期刊名称:Proceedings of the National Academy of Sciences
印刷版ISSN:0027-8424
电子版ISSN:1091-6490
出版年度:2022
卷号:119
期号:29
DOI:10.1073/pnas.2204944119
语种:English
出版社:The National Academy of Sciences of the United States of America
摘要:Our recent work (
1) shows a program-learning model can acquire some key structures in natural language, including recursive hierarchies and patterns that require more than context-free capacities (
2).
Kodner et al.’s (KCY) commentary (
3) is based on several fundamental misunderstandings. Most notably, they claim that our “model transforms candidate hypotheses into probabilistic context-free grammars that are evaluated against the training data via Bayesian inference.” This is unambiguously incorrect: At no point does our model convert hypotheses into probabilistic context-free grammars. Not only does it not do that, but that approach could not work because we show that the model can learn languages that are not context-free: No method of comparing context-free grammars could learn the languages our model succeeds on. Our model compares programs, not grammars, and we showed examples of these programs in the paper.
KCY claim we conceive of “language as strings” and we fail to recognize that language has structure. This is another fundamental misunderstanding. It is true that the data provided to the model are strings (sequences of characters), following prior work on learnability, but the model uses the strings to discover structure, much like a linguist would. Finding latent structure behind strings is the only way for the model to generalize beyond what it has seen, which our results document it does.

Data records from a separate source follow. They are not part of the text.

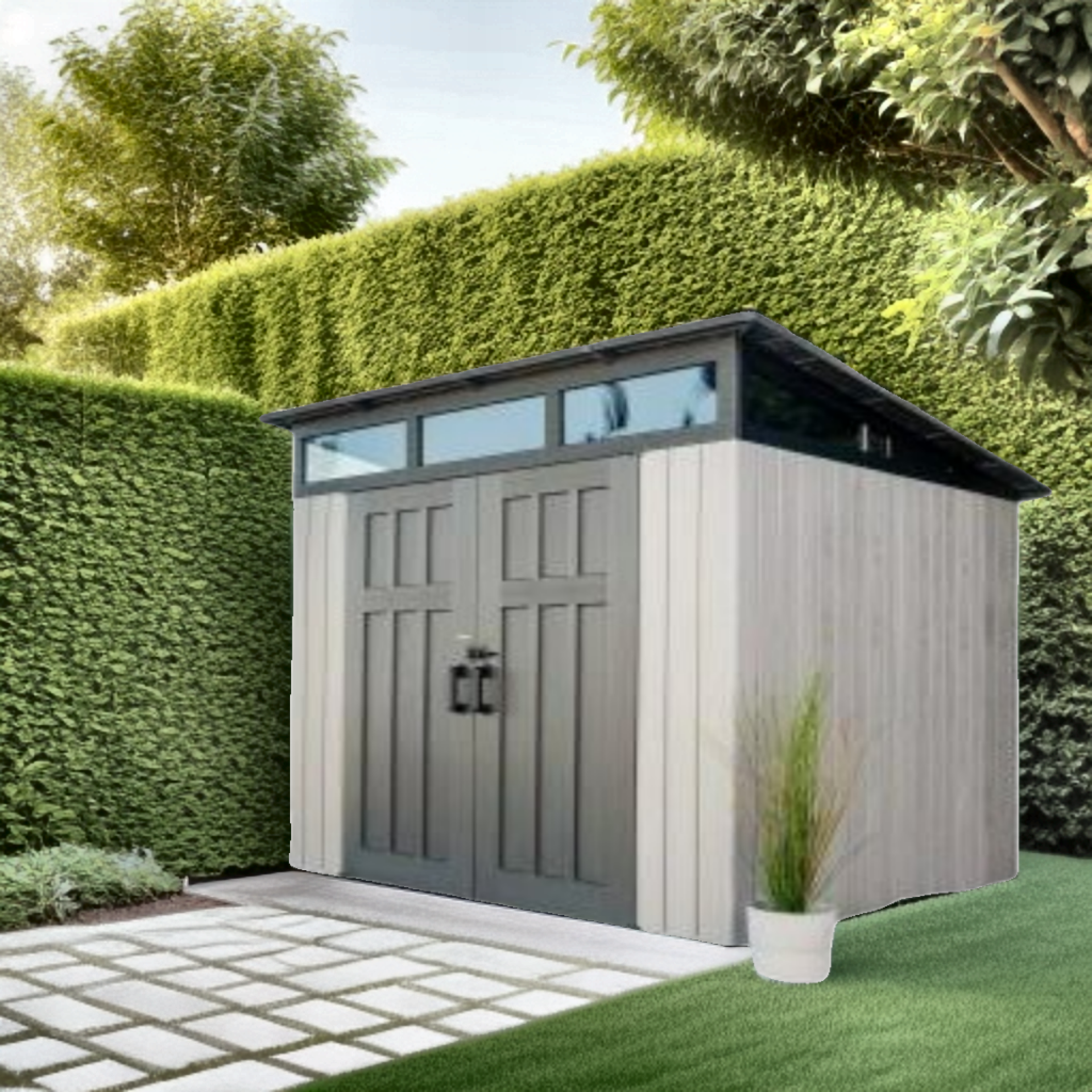 vous offre plus d'espace pour ranger les petits objets. Les portes sont verrouillables et s'ouvrent à 180 degrés. L'abri moderne LIFETIME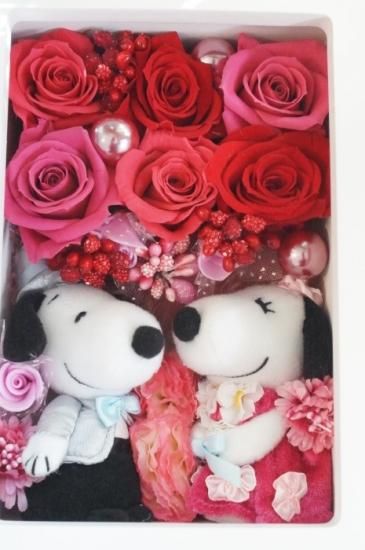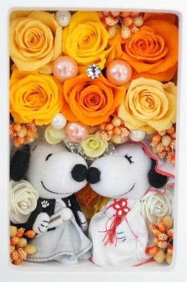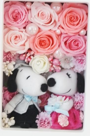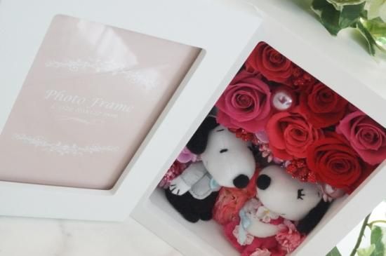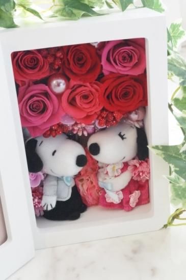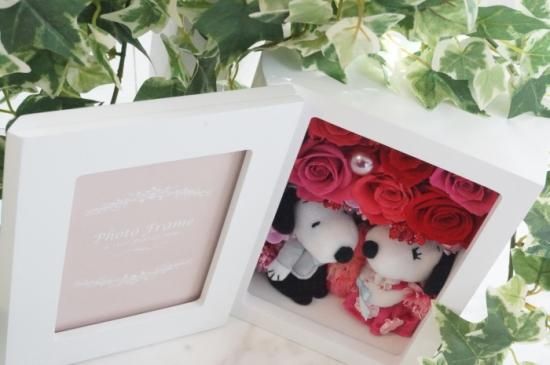 選べるカラー ウェディング スヌーピープリザーブドフラワー フォトフレーム 結婚祝い 結婚記念日 写真立て 花 ギフト P-45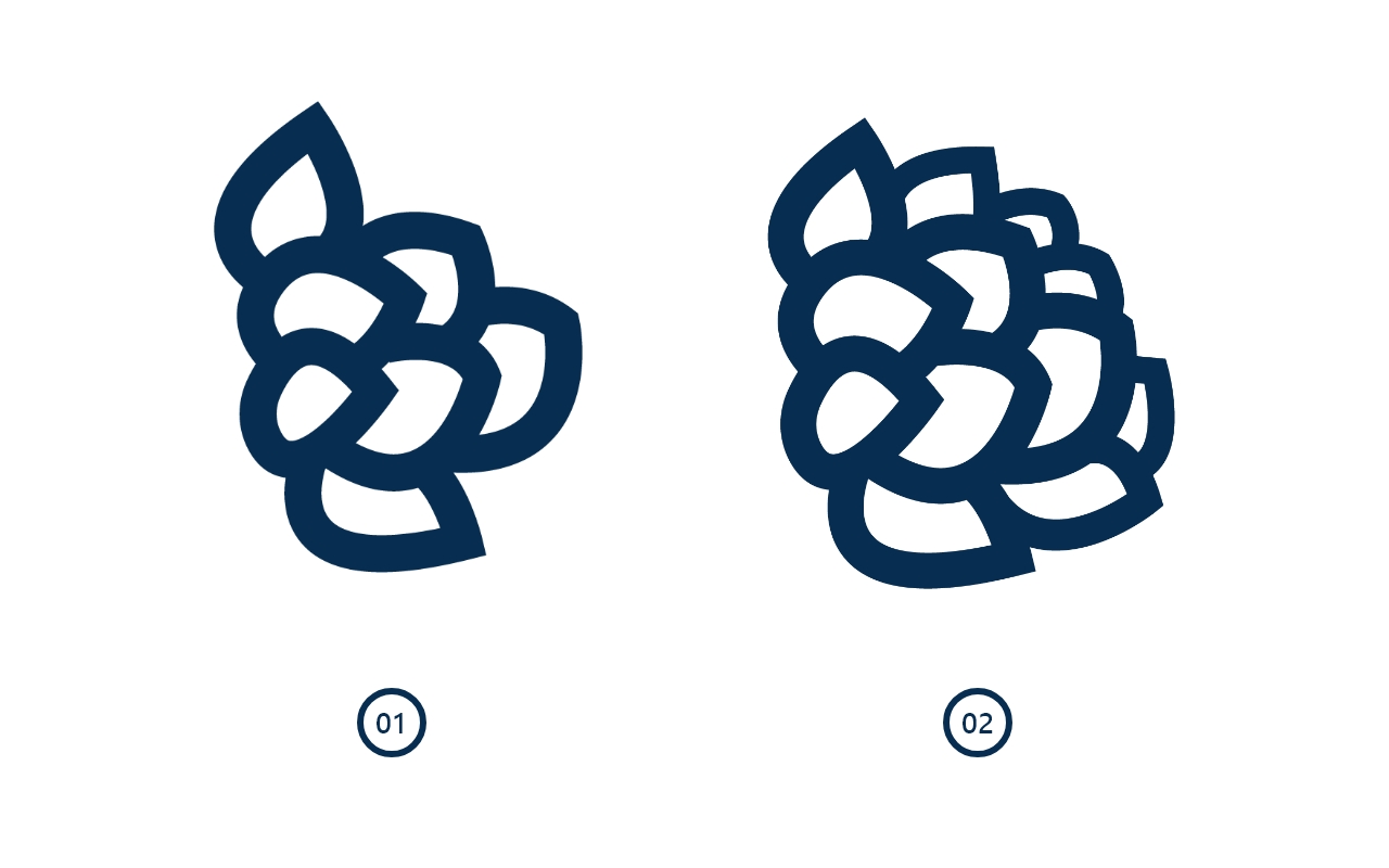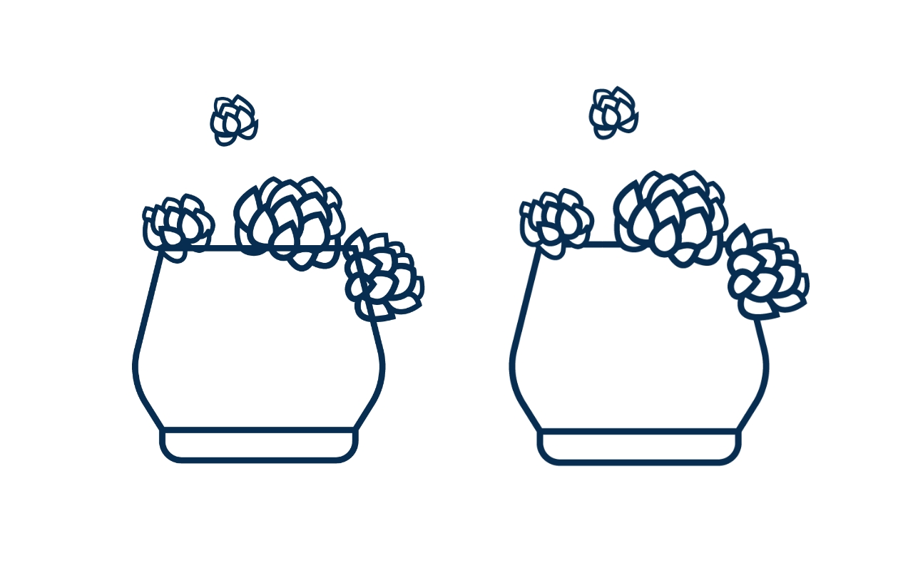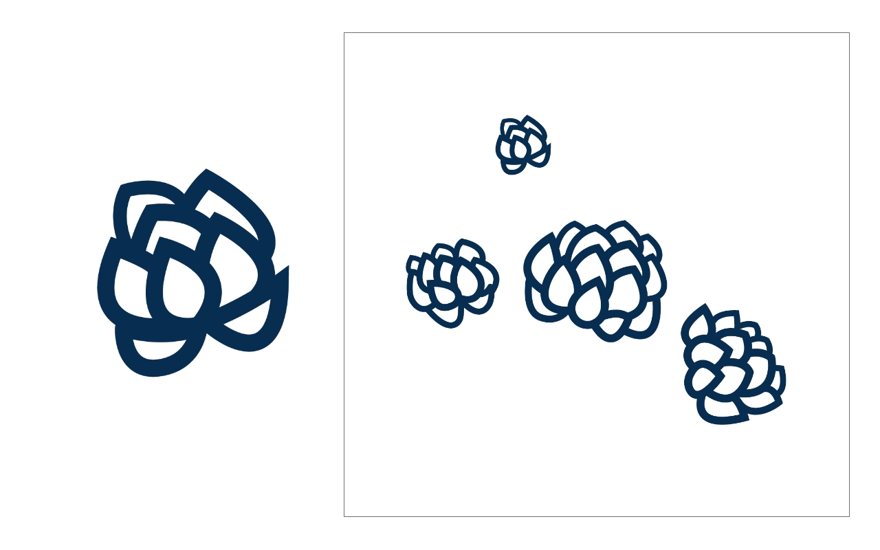 这时可以给部分叶片增加茎干的线条。这里整体看上去线条还不够“肉感”,因此我选择把图形整体缩小,在线条尺寸不变的基础上,整体的轮廓线就会看上去更粗壮。

KCY contend that our analysis method is flawed because an n-gram model can show high performance on some languages when following our methods. Their interpretation is not correct. KCY only examined performance of an n-gram model on finite-state languages (figure 1 of ref.
3), which are precisely languages that an n-gram model can represent. So, of course an n-gram model can do well on their examples. In fact, no evaluation metric could show that n-gram models are poor on these languages because, simply, they are not. One has to look at nonfinite state languages, where our evaluation scheme shows an n-gram model fails (
Fig. 1). Thus, our evaluation does exactly what it should: It scores an n-gram model high on languages they can learn (figure 1 of ref.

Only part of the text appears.